_EXERCISE MATERIALS_

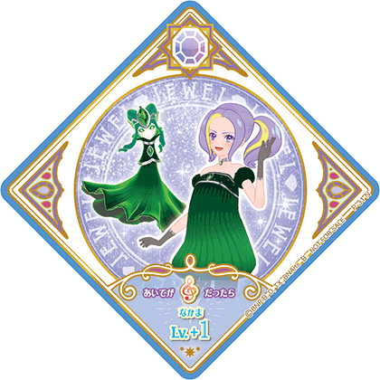 Green Garnet (グリーンガーネット) is a Jewel attributed Dressia. It debuted in Part 2 of the promotional collection of the Data Carddass Aikatsu Planet! series and has yet to be seen in the live-action and anime.
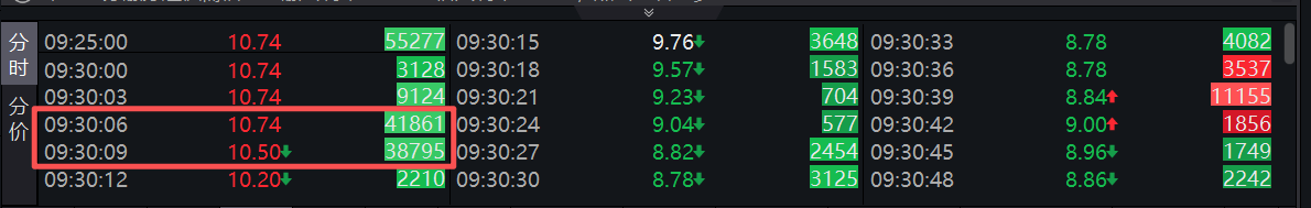 值得注意的是,开盘后仅20多分钟,该股就经历了从涨停到跌停,又迅速拉回涨停的“过山车”行情。具体来看,该股以10.74元涨停价开盘,但9点30分刚过,市场出现两笔大额卖单,分别为38795手与41861手,合计金额超8000万元,在随后的30秒内,股价便被砸至8.78元的跌停价,上演“天地板”行情。不过,跌停板并未持续太久,大额买盘随即集中涌入,推动股价快速反弹,仅用20多分钟便重新收复涨停板,完成“地天板”反转。
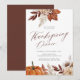 A moderna tenda castanha escura e a laranja queimada outono outono outono Folhas botânicas florais e guião de caligrafia elegante de abóbora, convite Jantado de Ação de Graças.
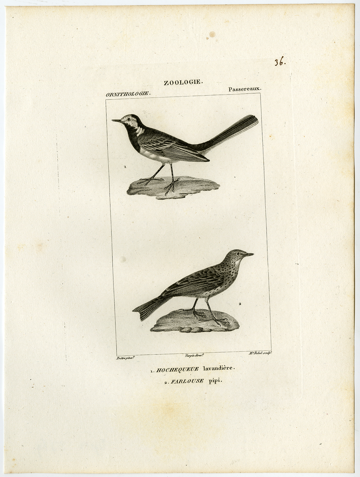 Onderwerp: Antieke prent, getiteld: ‘Pl. 36. Zoölogie, Ornithologie, Passereaux. 1. Hochequeue lavandiere – 2. Farlouse pipi.’ – Dit bord toont vogelsoorten; witte kwikstaart en weidepieper.
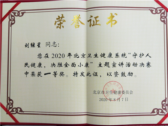 2020年8月7日下午,北京市卫生健康系统“守护人民健康,决胜全面小康”主题宣讲活动决赛在北京市卫生健康委党校举行。我院重症医学科护师刘继星,经过激烈的角逐脱颖而出,荣获比赛一等奖。
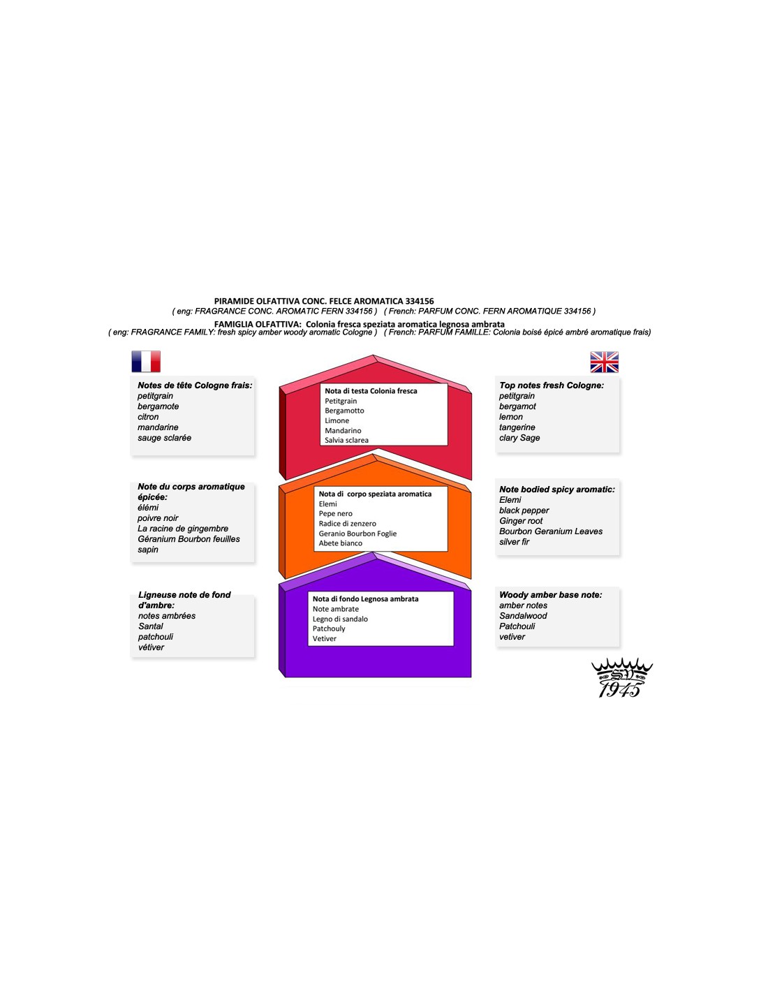 La fragancia se abre con las notas chispeantes de bergamota, limón y mandarina. Luego llega al corazón, caracterizado por el picante de la raíz de Jengibre y la Pimienta de Sichuan, todo ello acompañado por el frescor embriagador de las hojas del Geranio Bourbon. El fondo de la fragancia es una mezcla sensual de notas de ámbar, sándalo, pachulí y vetiver. La fragancia Helecho Aromático armoniza con los aromas de los aditivos naturales, creando una nota fresca e intensa que es apreciada y conocida desde hace años en el mundo del afeitado tradicional. La versión Beta 4.3 indica el curso de desarrollo del producto, nacido inicialmente como Beta 1.0 y mejorado paso a paso. La presencia del extracto de raíz de Dryopteris filix-mas (helecho macho) tiene la cualidad de reequilibrar la piel.

_DESCRIPTION OF THE TASK_
Your copy should match every record exactly and contain no pictures.

_SOLUTION TO THE PROBLEM_
 Green Garnet (グリーンガーネット) is a Jewel attributed Dressia. It debuted in Part 2 of the promotional collection of the Data Carddass Aikatsu Planet! series and has yet to be seen in the live-action and anime.
 值得注意的是,开盘后仅20多分钟,该股就经历了从涨停到跌停,又迅速拉回涨停的“过山车”行情。具体来看,该股以10.74元涨停价开盘,但9点30分刚过,市场出现两笔大额卖单,分别为38795手与41861手,合计金额超8000万元,在随后的30秒内,股价便被砸至8.78元的跌停价,上演“天地板”行情。不过,跌停板并未持续太久,大额买盘随即集中涌入,推动股价快速反弹,仅用20多分钟便重新收复涨停板,完成“地天板”反转。
 A moderna tenda castanha escura e a laranja queimada outono outono outono Folhas botânicas florais e guião de caligrafia elegante de abóbora, convite Jantado de Ação de Graças.
 Onderwerp: Antieke prent, getiteld: ‘Pl. 36. Zoölogie, Ornithologie, Passereaux. 1. Hochequeue lavandiere – 2. Farlouse pipi.’ – Dit bord toont vogelsoorten; witte kwikstaart en weidepieper.
 2020年8月7日下午,北京市卫生健康系统“守护人民健康,决胜全面小康”主题宣讲活动决赛在北京市卫生健康委党校举行。我院重症医学科护师刘继星,经过激烈的角逐脱颖而出,荣获比赛一等奖。
 La fragancia se abre con las notas chispeantes de bergamota, limón y mandarina. Luego llega al corazón, caracterizado por el picante de la raíz de Jengibre y la Pimienta de Sichuan, todo ello acompañado por el frescor embriagador de las hojas del Geranio Bourbon. El fondo de la fragancia es una mezcla sensual de notas de ámbar, sándalo, pachulí y vetiver. La fragancia Helecho Aromático armoniza con los aromas de los aditivos naturales, creando una nota fresca e intensa que es apreciada y conocida desde hace años en el mundo del afeitado tradicional. La versión Beta 4.3 indica el curso de desarrollo del producto, nacido inicialmente como Beta 1.0 y mejorado paso a paso. La presencia del extracto de raíz de Dryopteris filix-mas (helecho macho) tiene la cualidad de reequilibrar la piel.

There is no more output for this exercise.